Finance Research Seminar “Bankruptcy codes & risk sharing of currency unions’ ” by X. WANG – VU Amsterdam
Speakers: Xuan WANG
Date and Location – Thursday June 3rd 2021 from 12:30 to 14:00 on Zoom
Since the Eurozone Crisis of 2010-12, a critical debate on the viability of a currency union has focused on the role of a ﬁscal union in adjusting for country heterogeneity. However, a fully-ﬂedged ﬁscal union may not be politically feasible. This paper develops a two-country general equilibrium model to examine the beneﬁts of the bankruptcy code of a capital markets union – in the absence of a ﬁscal union – as an alternative mechanism to improve the ﬁnancial stability and welfare of a currency union.

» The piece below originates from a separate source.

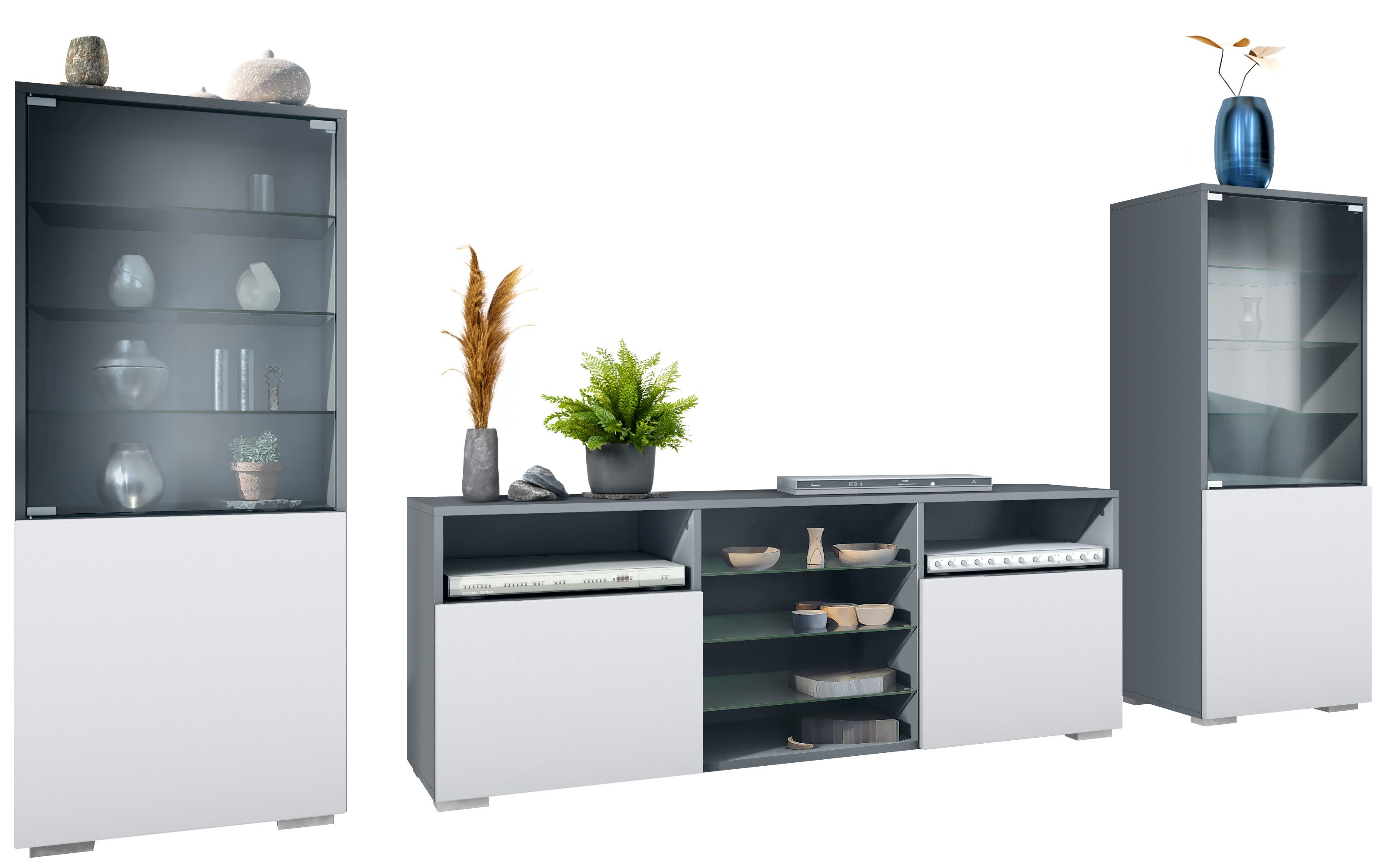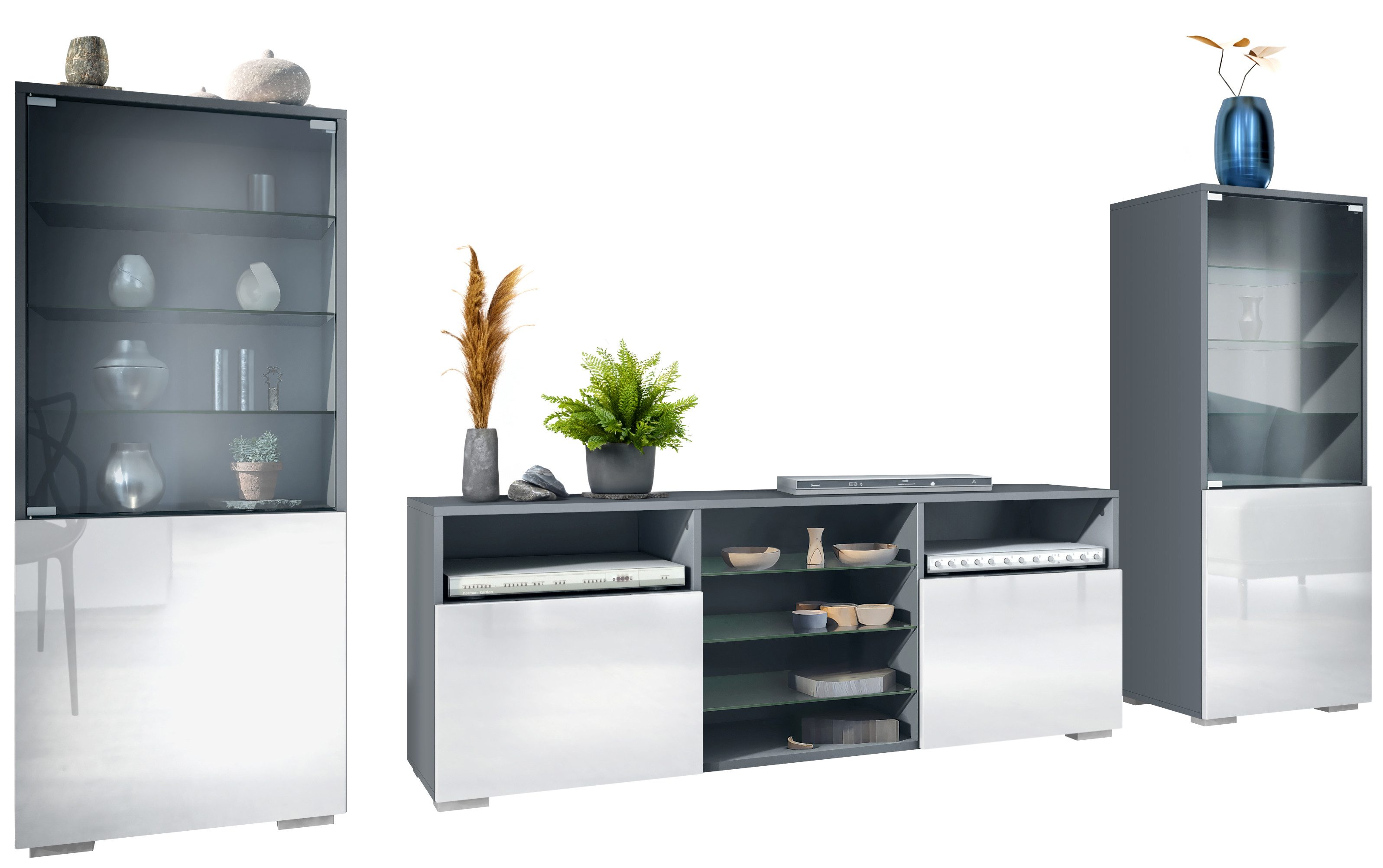 Entdecken Sie die vielseitige und moderne Granada Wohnwand, bestehend aus zwei Vitrinen und einem Lowboard. Diese Wohnzimmermöbel vereinen Qualität, Flexibilität und modernes Design, um Ihren Wohnraum stilvoll zu gestalten.
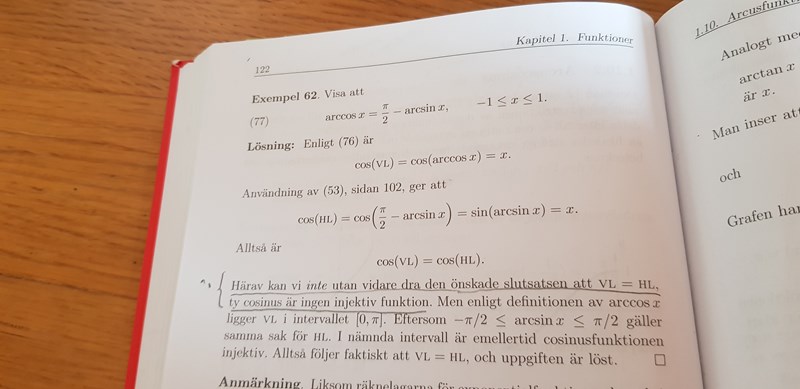 Jag förstår inte varför vi inte kan dra slutsatsen att VL = HL? Även om cosinus inte är någon injektiv funktion vet vi ju att arccos och arcsin är injektiva funktioner och därmed kommer alltid cos ( arccos(x) ) = x och sin ( arcsin(x) ) = x, enligt definitionen av arccsin och arccos?

When the banking sector cannot fully enforce loan repayment, I show that a lenient bankruptcy code in the cross-border capital markets union removes the pecuniary externality of banking insolvency, so it leads to a Pareto improvement within the currency union. Moreover, the absence of ﬂoating nominal exchange rates removes a mechanism to neutralise domestic credit risks; I show that softening the bankruptcy code can recoup the lost beneﬁts of ﬂoating nominal exchange rates. The model provides the ﬁnancial stability and welfare implications of bankruptcy within a capital markets union in the Eurozone.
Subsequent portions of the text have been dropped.